(Assignment):
The result should be the listing below restated word for word, with images left out.

(Input data):

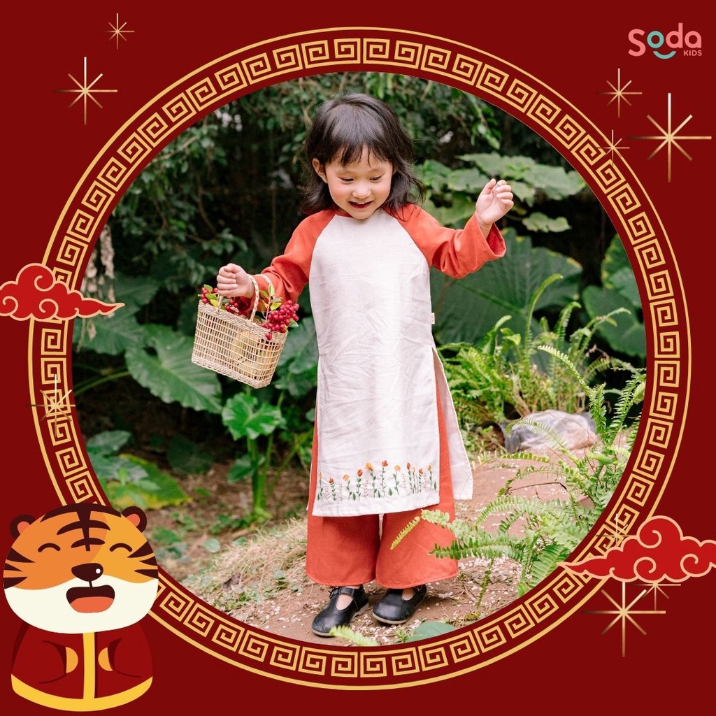♥️ CHẤT LIỆU ÁO DÀI SODA KIDS: - Tà áo dài với sắc cam nổi bật điểm xuyết những bông hoa nhí thêu tay tinh tế. - Chất liệu: Vải Linen mềm mại kết hợp hoa thêu tay độc quyền của Soda Kids
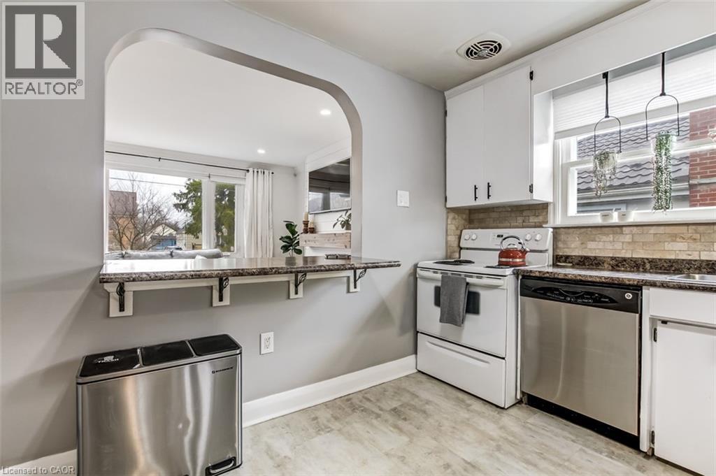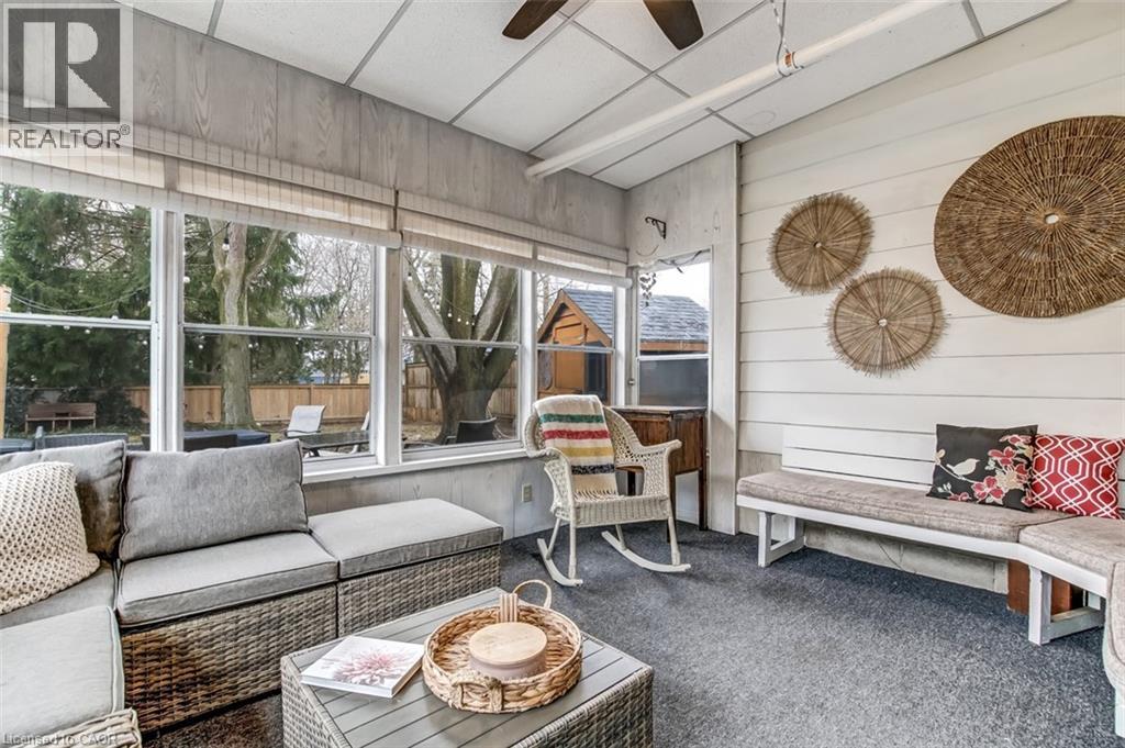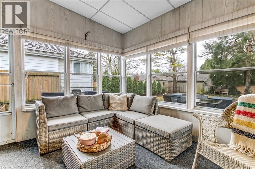 Charming and welcoming, this 3 bedroom, 2 bathroom bungalow offers bright living spaces, thoughtful updates, and a beautiful private backyard retreat. Situated on a nicely landscaped, treed lot, this home provides comfortable one-floor living in a convenient location close to everyday amenities. Step inside to a bright and inviting living room filled with natural light from large windows, featuring a stylish shiplap accent wall with electric fireplace that creates a warm and cozy focal point. The functional kitchen offers ample cabinetry and workspace, along with a breakfast bar open to the living area—perfect for everyday living and casual entertaining. The spacious primary bedroom features wall-to-wall closets and peaceful views of the private backyard, while two additional bedrooms provide flexible space for family, guests, or a home office. The finished lower level offers a large rec room ideal for relaxing or entertaining, along with a generous laundry area with workspace and a convenient 2-piece bathroom. A separate entrance also provides potential for in-law suite capability. One of the favourite spaces in the home is the bright 3-season sunroom, surrounded by windows and perfect for relaxing, dining, or entertaining while enjoying views of the backyard. Imagine enjoying your morning coffee here while taking in the peaceful garden views. Outside, the private 116 ft deep yard features mature trees, lovely gardens, a garden shed and plenty of space to unwind or host gatherings. This well-maintained home has seen many recent updates including roof (2023), furnace, A/C and water heater (2025), front door (2024), refrigerator (2025), washer and dryer (2024), and back fence (2022)—providing peace of mind for years to come. Conveniently located close to parks, shopping, restaurants, healthcare, and recreation, this welcoming home is move-in ready and waiting for its next owners to enjoy. (id:4555)
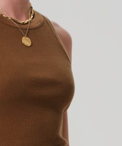 Looks Like: Medium to dark bronze high neck sleeveless tank

(Answer section):
♥️ CHẤT LIỆU ÁO DÀI SODA KIDS: - Tà áo dài với sắc cam nổi bật điểm xuyết những bông hoa nhí thêu tay tinh tế. - Chất liệu: Vải Linen mềm mại kết hợp hoa thêu tay độc quyền của Soda Kids
 Charming and welcoming, this 3 bedroom, 2 bathroom bungalow offers bright living spaces, thoughtful updates, and a beautiful private backyard retreat. Situated on a nicely landscaped, treed lot, this home provides comfortable one-floor living in a convenient location close to everyday amenities. Step inside to a bright and inviting living room filled with natural light from large windows, featuring a stylish shiplap accent wall with electric fireplace that creates a warm and cozy focal point. The functional kitchen offers ample cabinetry and workspace, along with a breakfast bar open to the living area—perfect for everyday living and casual entertaining. The spacious primary bedroom features wall-to-wall closets and peaceful views of the private backyard, while two additional bedrooms provide flexible space for family, guests, or a home office. The finished lower level offers a large rec room ideal for relaxing or entertaining, along with a generous laundry area with workspace and a convenient 2-piece bathroom. A separate entrance also provides potential for in-law suite capability. One of the favourite spaces in the home is the bright 3-season sunroom, surrounded by windows and perfect for relaxing, dining, or entertaining while enjoying views of the backyard. Imagine enjoying your morning coffee here while taking in the peaceful garden views. Outside, the private 116 ft deep yard features mature trees, lovely gardens, a garden shed and plenty of space to unwind or host gatherings. This well-maintained home has seen many recent updates including roof (2023), furnace, A/C and water heater (2025), front door (2024), refrigerator (2025), washer and dryer (2024), and back fence (2022)—providing peace of mind for years to come. Conveniently located close to parks, shopping, restaurants, healthcare, and recreation, this welcoming home is move-in ready and waiting for its next owners to enjoy. (id:4555)
 Looks Like: Medium to dark bronze high neck sleeveless tank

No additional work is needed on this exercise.